This is the single most common gotcha. When you create a user with useradd, the default password field is ! (locked). sshd rejects locked accounts before it ever runs AuthorizedKeysCommand, so podspawn never gets a chance to return keys.

# Check if the account is locked
sudo passwd -S alice
# If the second field is "L", the account is locked

# Fix: set the password field to * (unlocked, but no password login possible)
sudo usermod -p '*' alice

Do not use usermod -p '' (empty string). That sets an empty password, which means anyone can log in without credentials if password auth is enabled. Use usermod -p '*' instead, which unlocks the account while keeping password login impossible.

The podspawn add-user command handles this automatically. If you created the user manually, you need to unlock it yourself.

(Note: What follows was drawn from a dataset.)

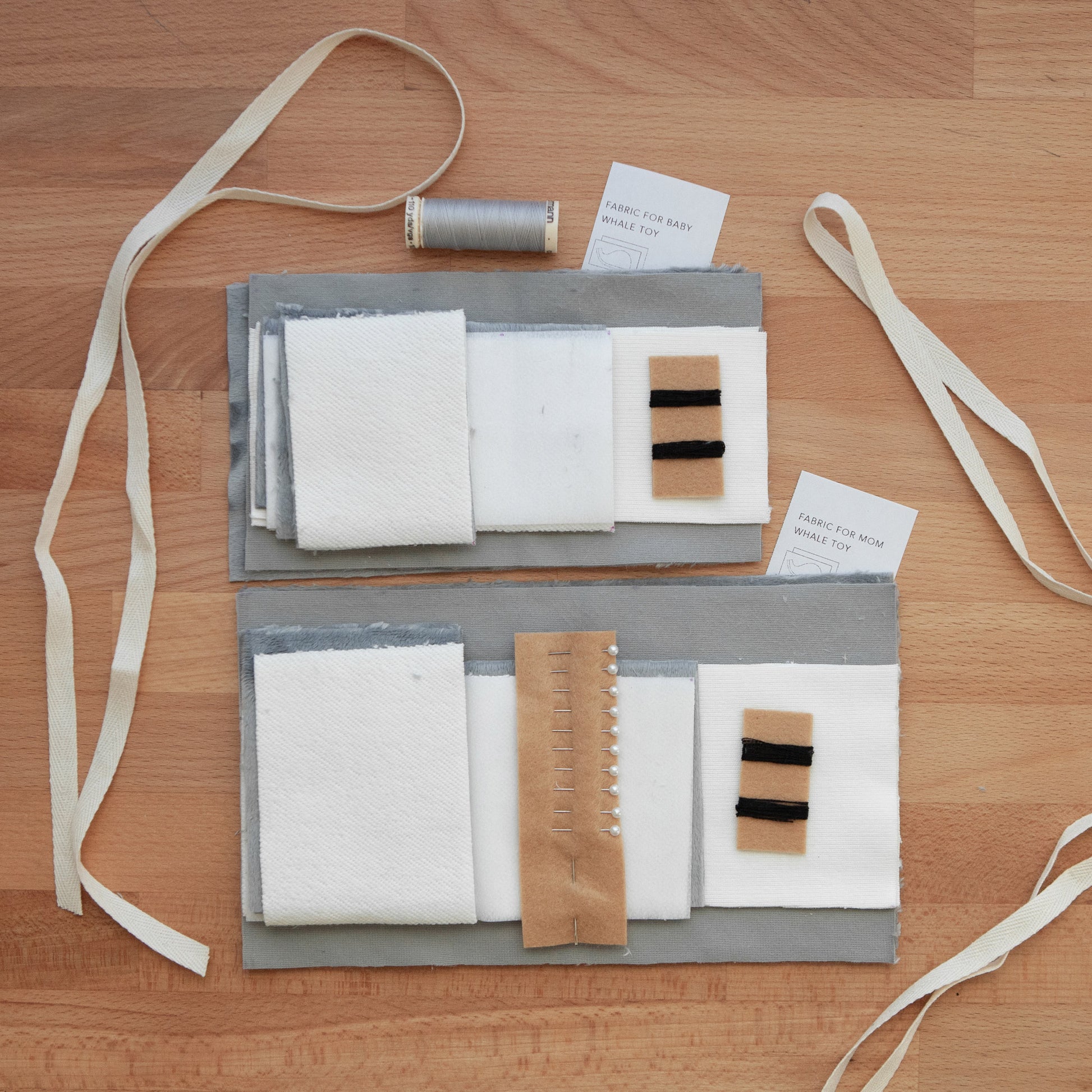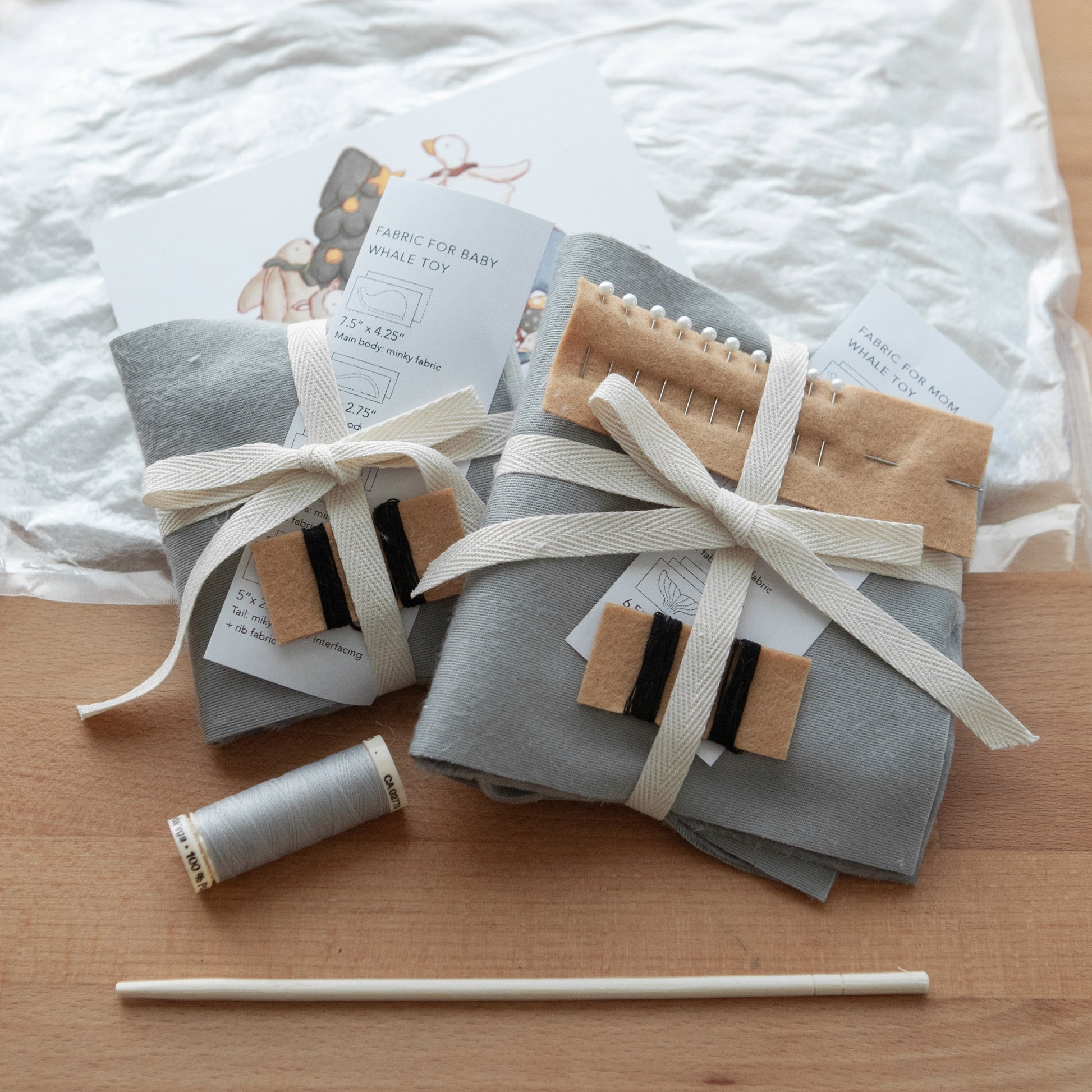 Toy Sewing Kit includes all materials you need to create two whales toys (Mom and Baby):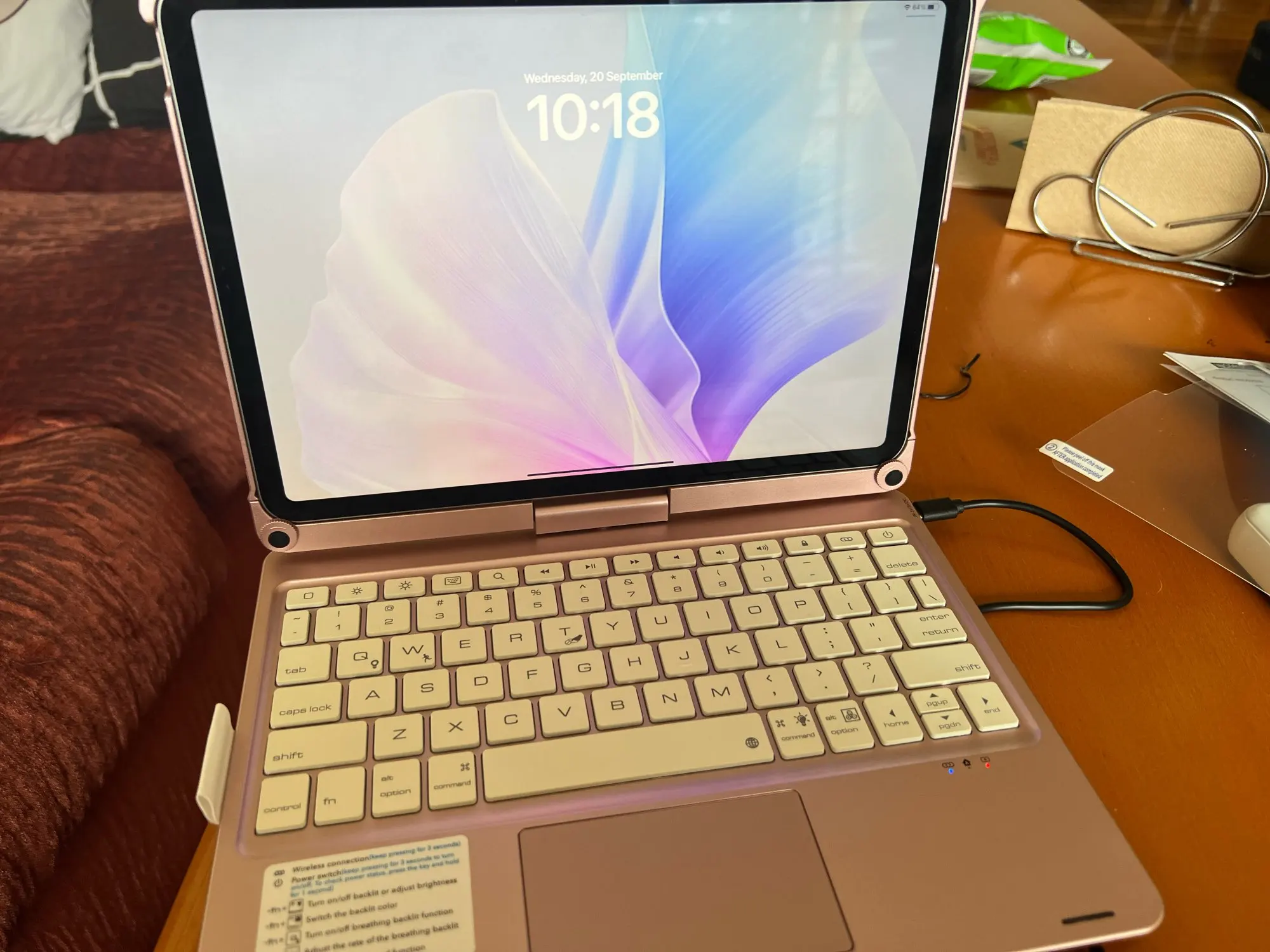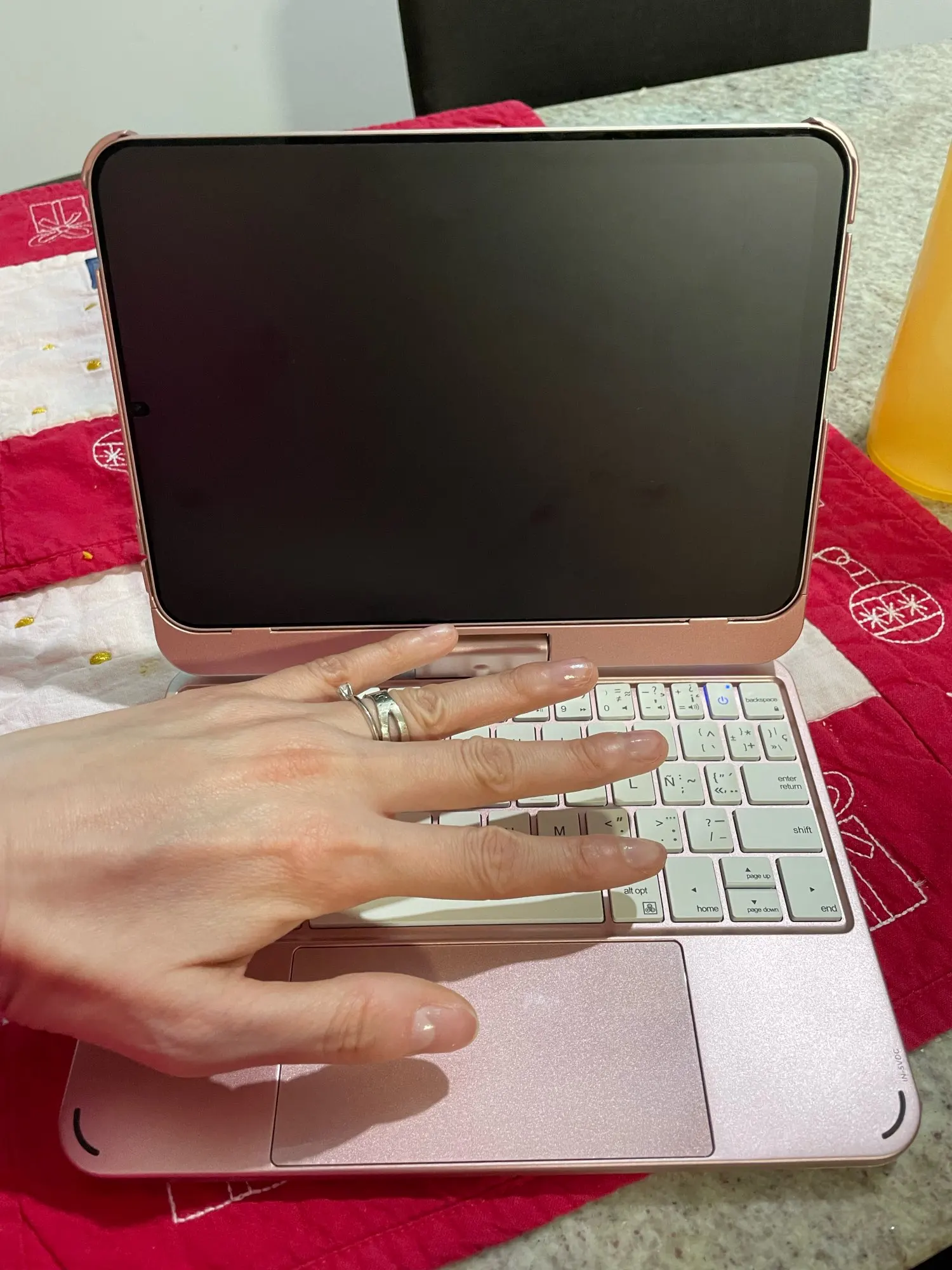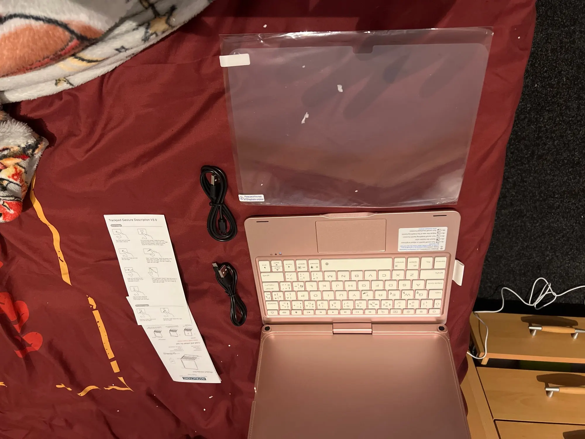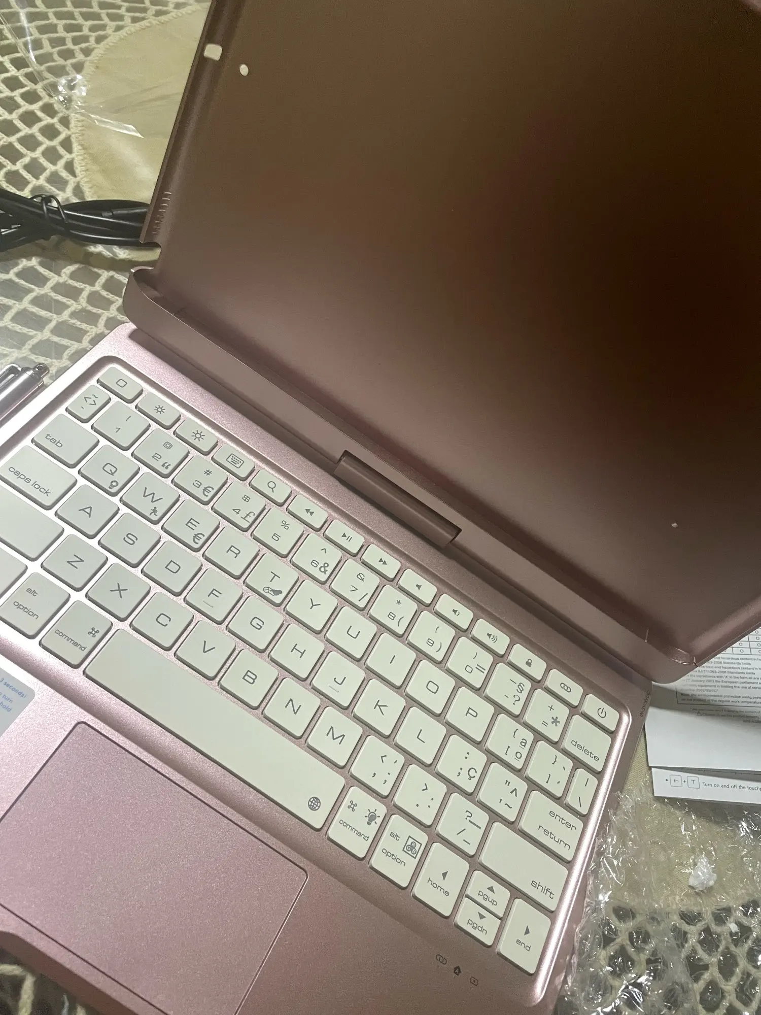 The keyboard comes with a touchpad and supports 3 gesture functions, single finger: click and move the cursor; double finger: selection and page turning; three fingers: switching applications.

Wrong key or key not registered

Podspawn reads keys from /etc/podspawn/keys/<username>. If the user's public key isn't there, auth-keys returns nothing and sshd rejects the connection.

# Check what keys are registered for a user
cat /etc/podspawn/keys/alice

# Register a key
sudo podspawn add-user alice --key "ssh-ed25519 AAAA... alice@laptop"

# Or from a file
sudo podspawn add-user alice --key-file /path/to/id_ed25519.pub

# Or import from GitHub (one-time fetch, stored locally)
sudo podspawn add-user alice --github alice

On the client side, make sure SSH is offering the correct key:

# Test with verbose output to see which keys are tried
ssh -v alice@work.pod 2>&1 | grep "Offering"

sshd not reloaded after config changes

After running podspawn server-setup or manually editing /etc/ssh/sshd_config, sshd needs to be reloaded. Existing sessions survive a reload, so this is safe.

# Ubuntu/Debian
sudo systemctl reload ssh

# RHEL/Rocky/Fedora
sudo systemctl reload sshd

# Check the service name if unsure
systemctl list-units | grep ssh

AuthorizedKeysCommand not configured

Verify the two required lines are in your sshd config:

sudo sshd -T | grep -i authorizedkeyscommand

You should see:

authorizedkeyscommand /usr/local/bin/podspawn auth-keys %u %t %k
authorizedkeyscommanduser nobody

If these are missing, run podspawn server-setup or add them manually. After adding, validate and reload:

sudo sshd -t && sudo systemctl reload ssh

sshd -t validates the config without reloading. Always run it before reloading to avoid locking yourself out with a broken config.

Debugging with sshd logs

sshd logs are the single best debugging tool for auth failures. They show the exact reason a connection was rejected.

# Ubuntu/Debian
sudo journalctl -u ssh -n 30 --no-pager

# RHEL/Rocky/Fedora
sudo journalctl -u sshd -n 30 --no-pager

# Follow logs in real-time while testing
sudo journalctl -u ssh -f

Common log messages and what they mean:

Log messageCause
User alice not allowed because account is lockedLocked account. Run usermod -p '*' alice.
AuthorizedKeysCommand /usr/local/bin/podspawn auth-keys ... failed, status 1podspawn binary not found, not executable, or crashing.
Could not open authorized keys command outputThe AuthorizedKeysCommandUser (usually nobody) can't read the key files. Check permissions on /etc/podspawn/keys/.
Authentication refused: bad ownership or modes for fileKey file or directory has wrong permissions.

Container won't start

If SSH auth succeeds but you see errors about containers, the issue is between podspawn and Docker.

Docker not running

# Check Docker status
sudo systemctl status docker

# Start it if stopped
sudo systemctl start docker

# Verify the socket exists
ls -la /var/run/docker.sock

Image not pulled

Podspawn auto-pulls images on first use, but this can fail if the image name is wrong or the registry is unreachable. For project containers, images must be pre-built.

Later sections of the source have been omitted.